James Madison Papers

Outline of Speech in Support of Direct Taxation, [11 June] 1788

Outline of Speech in Support of Direct Taxation

[11 June 1788]1

direct taxation


I. necessary.

1. for punctuality—credit—suppose war & most to feared &c—free ships free goods.

2. conditl. taxn. produce failure from

3 distrust of concurrent exertions amg. Sts who will deliberate

4. Some Sts less in danger & less willing to exert.

5. Contests between Congs & Sts.

6 effect of being punishment & St. on side of people.
Represents. of particular oppose 1st. in Congs. then elsewhere.

7. case of partial payments within time.

8. prevent whole burden on imposts & S. Sts.

9. imports not eno’—now—& decrease in war—& manufactures.

10. Secure responsibility—when not to fix sum only—but find means—

II. practicable

1. 10 or 15 men eno’ for this State

2. aid of State laws—

3. increase of mutual knowledge

4. land—poll—property

5 uniformity not essential—Engd. & Scotd.—local customs.

6. concurrent collections—as both act for people.

III. Safe

1 to public liberty—Reps. of large distrcts—as London &c.

2. comparative dependence & influence of Genl & St: Govts—

3. No members of St: Govt. elected by Genl. Govt.

4. Presidt. elected under influence of St: Legislre.

5. Senate appd. by St: Legislres—
Col: Monroes idea & inconsistency here—

6. H. of Reps—attached to Sts: more than Senate.

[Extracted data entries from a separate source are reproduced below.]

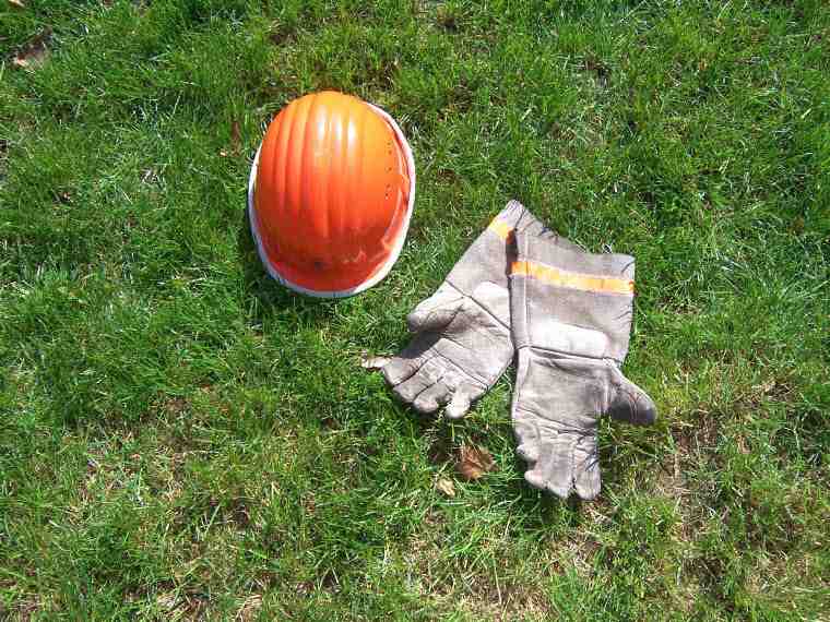 Beim Arbeiten tragen wir weiße Lederhandschuhe, die es nur in Einheitsgröße gibt, und die rote Aufschrift „Feuerwehr“ tragen.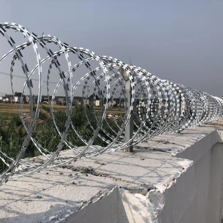 較后,刺絲滾籠的下緣距離鋼筋混凝土防護欄上緣的垂直距離應(yīng)為5厘米。 刺絲滾籠不僅可以用在高鐵的防護上,對于倉庫、監(jiān)獄和軍事區(qū)等重要的封鎖場所也有重要的防護作用。對于社會的發(fā)展有著一定的重要性。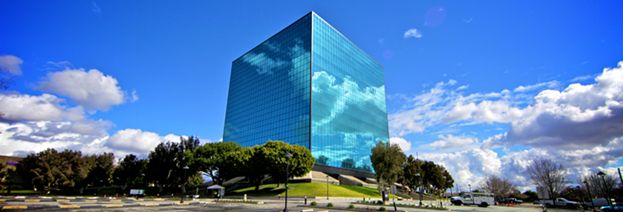 Sears, Roebuck and Company, Pacific Coast Territory Administrative Offices… better known as “the Blue Cube.” The Blue cube was designed by A.C. Martin & Associates in the Late Modern style. It was completed in 1971. Although only twelve stories tall, its windows are designed to make it appear twice that. Sears moved out in the 1980s and it was purchased by the Los Angeles County Department of Public Works.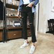 2017韩版新款破洞微喇叭牛仔裤女高腰显瘦百搭阔腿黑色九分喇叭裤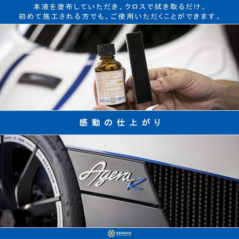 洗車の王国 撥水 ガラスコーティング剤 30ml クリスタルグロウ 3年 耐久型 (スポンジ 極細繊維 クロス付き) 989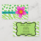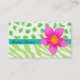 Ceate a stylish business card for a great impression. Colourful stripe zebra skin and cheetah or leopard skin graphic design is one of the hottest art and design trends, and is extremely popular from fashion to home decor. This sophisticated lime green, white and turquoise teal green zebra and cheetah print collection is designed for style. A fuchsia and pink flower is on the front on a turquoise teal bar strip that is customisable with your or your business name. The back has a lime green area for all of your contact information for your business or for personal use. This card is available in multiple colour combinations.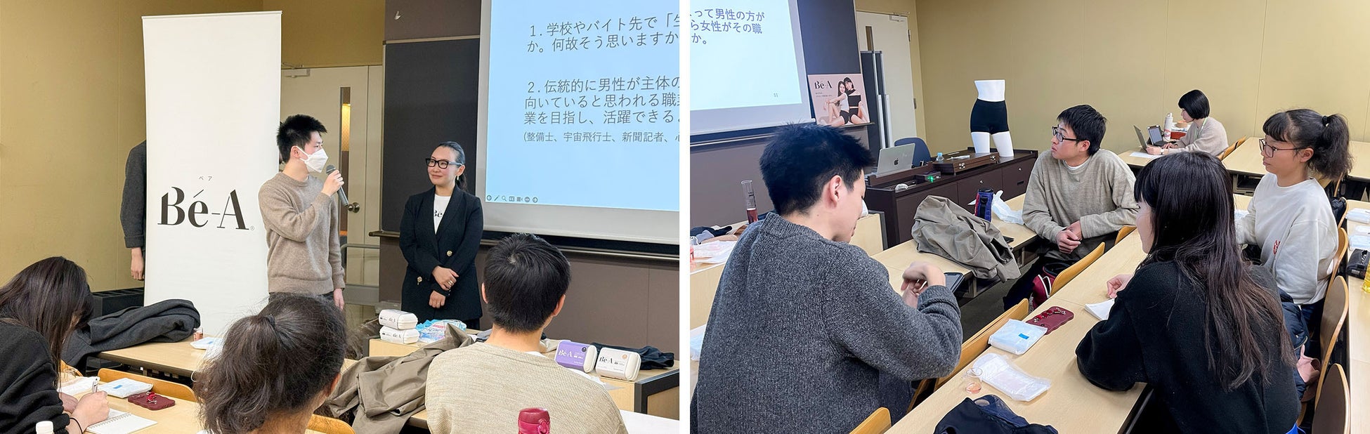 セミナーは、Be-A Japan代表の髙橋と、商品開発責任者の中村が登壇。現代社会におけるジェンダー課題に焦点を当てながら、参加者が生理というテーマを通じてジェンダーの理解を深めるための4つのセッションで構成しました。
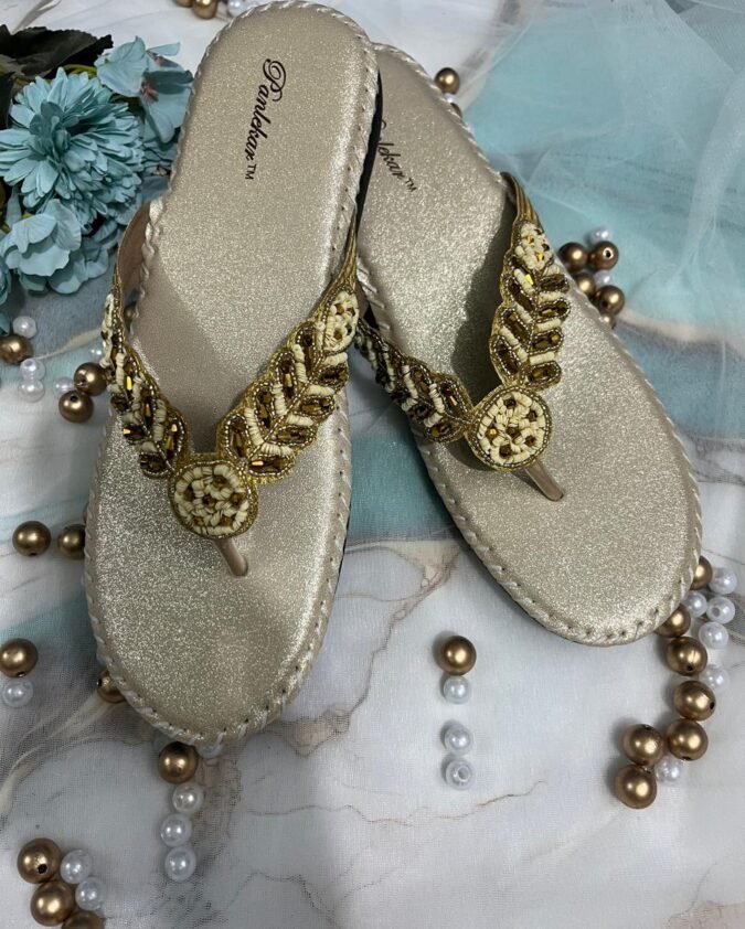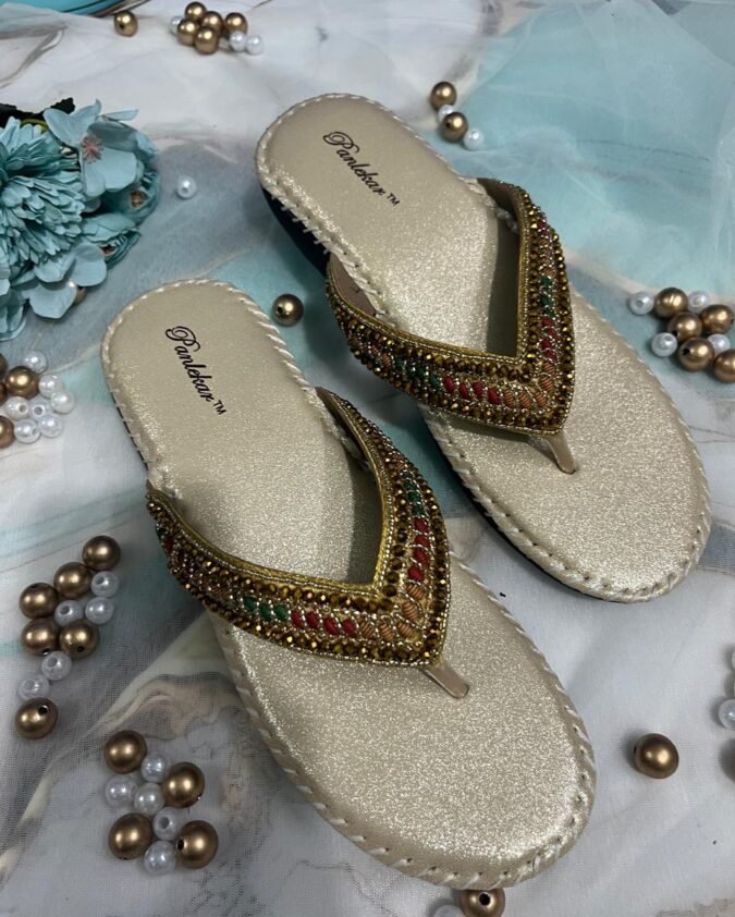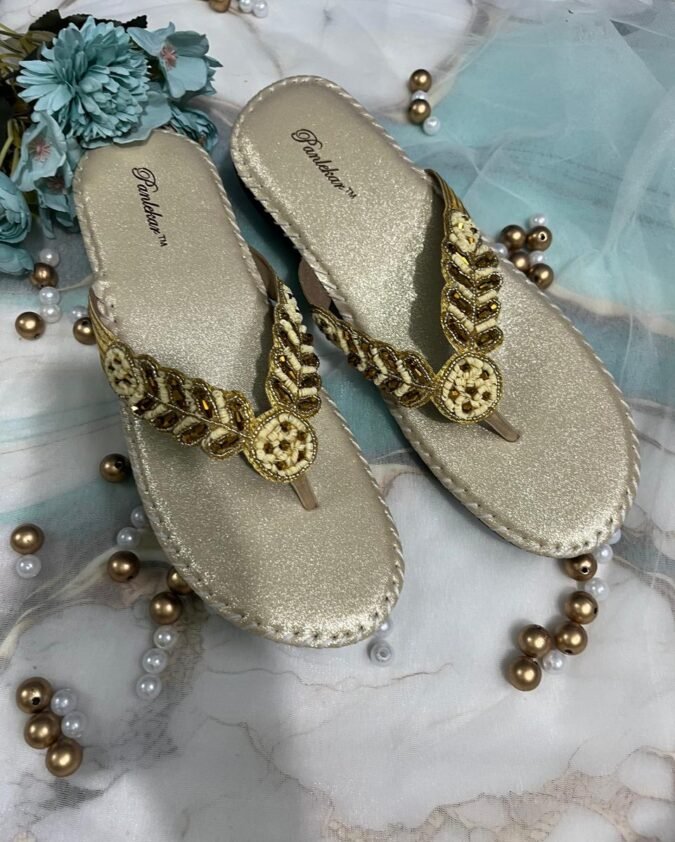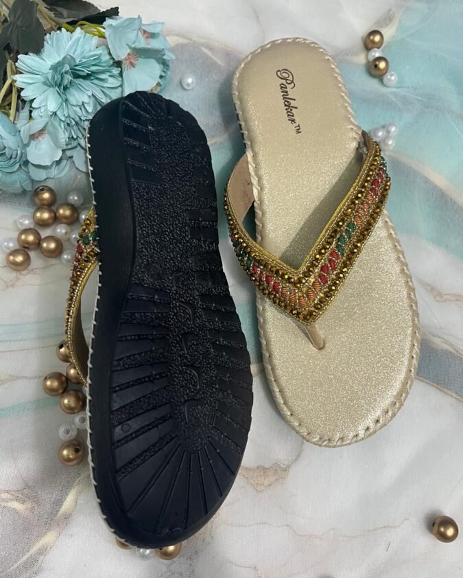 Golden Royal Sparkle Ethnic Chappals.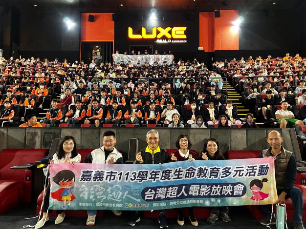 嘉義市大業實驗國民中學今(11)日上午,全校近300師生至知名影城辦理始業式,始業式以曾獲國際3D大獎的曲全立導演最新執導「台灣超人」揭開序幕,片中紀錄發生在土地上真實的生命故事,期能透過生命鬥士的勇敢堅韌,培養孩子們對生命的韌性,成為影響未來的人。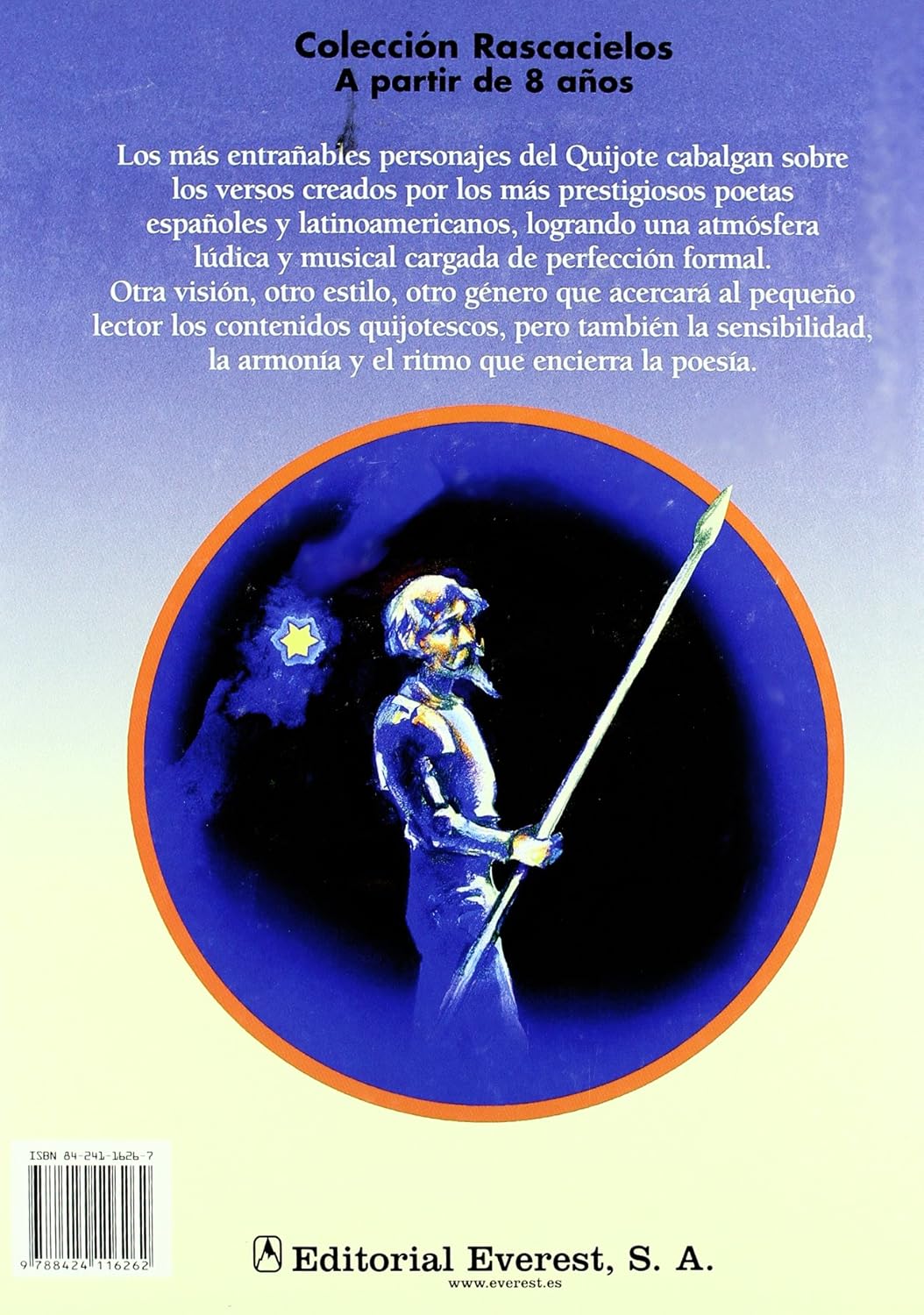 De la mano de poetas españoles y latinoamericanos de primera fila esta cuidadísima edición recrea diferentes aspectos de El Quijote, creando alrededor de objetos, animales y personajes una atmósfera que bajo una apariencia totalmente lúdica y musical, encierra una pensada y lograda perfección en lo que a construcción poética se refiere. Otra visión, otro estilo, otro género que acercará al pequeño lector los contenidos quijotescos, pero, también, la sensibilidad, la armonía y el ritmo que encierra el ejercicio poético. La genialidad de la ilustración contribuye a la creación de esta atmósfera de juego, canción y literatura.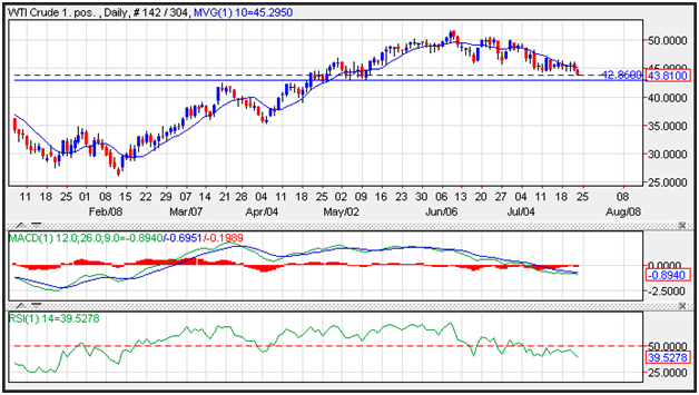 Resistance on crude oil prices is seen near the 10-day moving average at 45.29, while support is seen near the June lows at 42.86. Momentum has turned negative again as the MACD (moving average convergence divergence) index generated a sell signal. This occurs as the spread (the 12-day moving average minus the 26-day moving average) crosses below the 9-day moving average of the spread.  The RSI broke down below support reflecting accelerating negative momentum, which should lead to lower prices.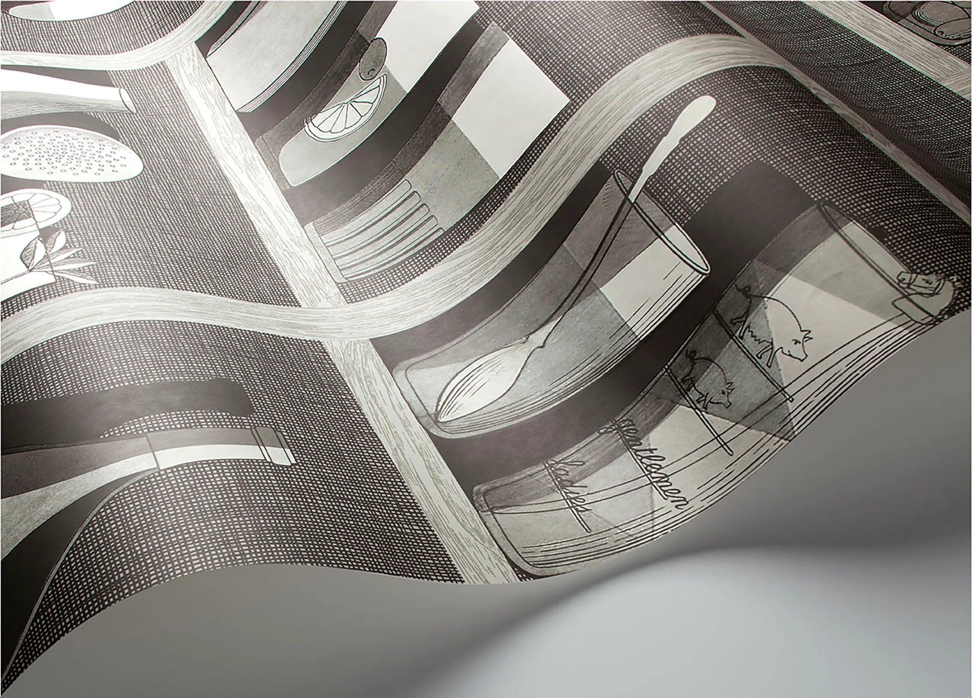Wallpaper Fornasetti Senza Tempo - Gray Cocktails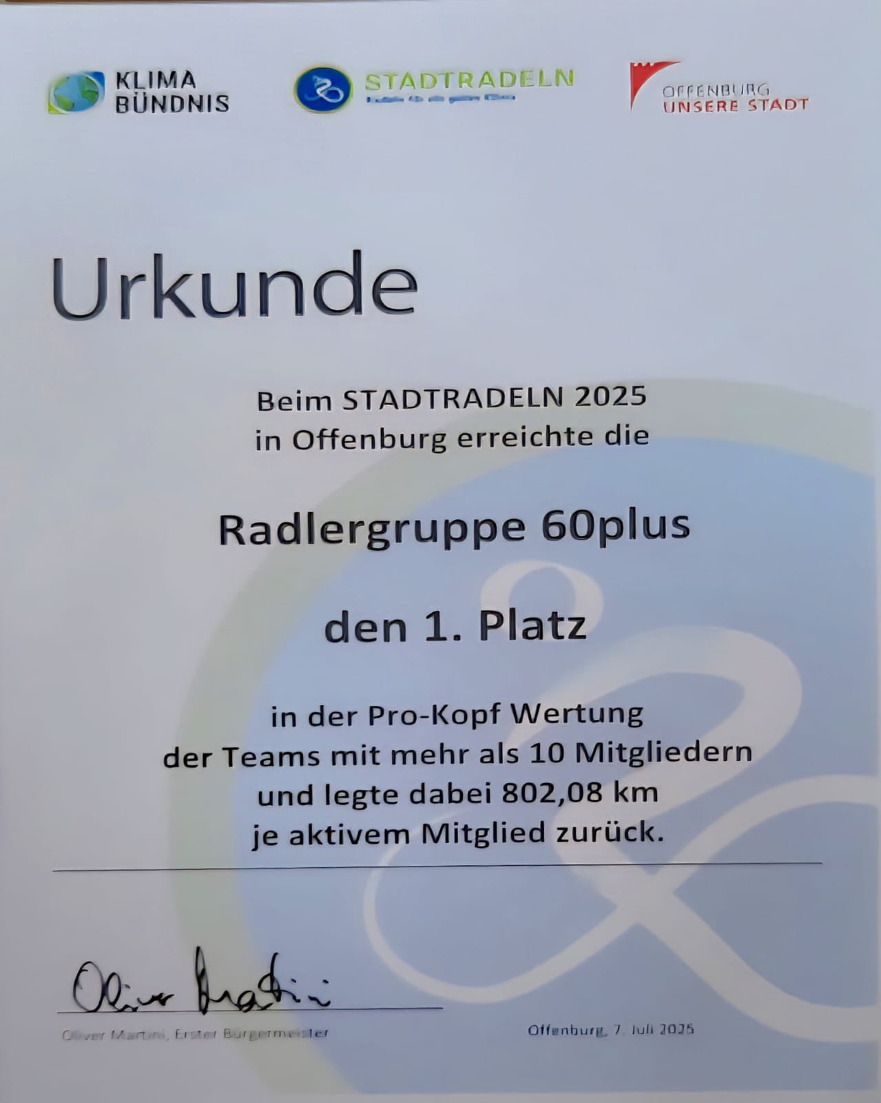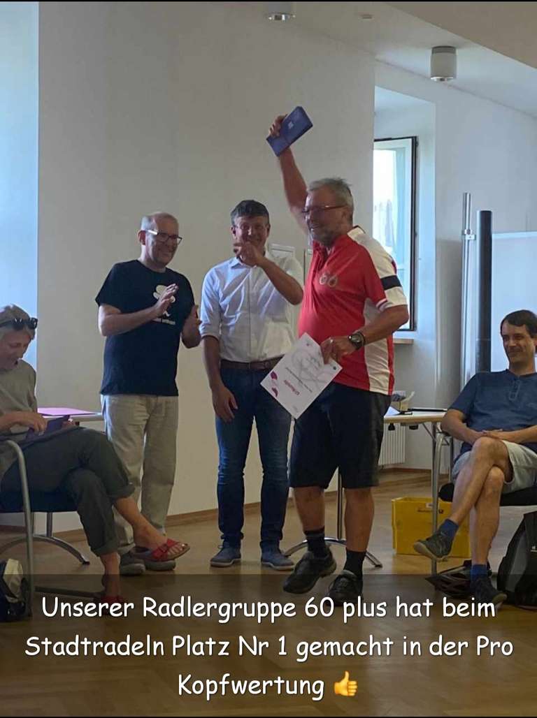 Unser Team "Radlergruppe 60 Plus" erreichte 2023 beim STADTRADELN mit 732 km je aktivem Team-Mitglied den ersten Platz in der Pro-Kopf Wertung

7. people of Sts. attachd. to St: Govts.

8. compare no. of appointmts.

9. compare powers—

10. powers of Congs. same only as of Confedn. substantiated.—case of Congs [Issuing?] paper money.

IV. Œconomical

1—as to customs

2. as in place of 1500, or 2000 Members.

3—as less mutable—& less exposed to speculations &c.

Ms (DLC). Docketed by Rives: “Notes for speech on power of Direct taxation in Virginia Convention on the 11 June 1788 / See Debates p. 180–90.”

1JM’s illness probably prevented him from attending the 9 June session, but he was present for James Monroe’s speech of 10 June. Monroe objected to the power of direct taxation as “unnecessary, impracticable under a democracy; and if exercised, as tending to anarchy, or the subversion of liberty, and probably the latter” (Robertson, Virginia Debates description begins David Robertson, Debates and Other Proceedings of the Convention of Virginia (2d ed.; Richmond, 1805). description ends , p. 158). Having prepared notes for his reply, JM delivered what the historian of the convention called “the most elaborate speech of his whole life” (Grigsby, Virginia Convention of 1788, I, 187).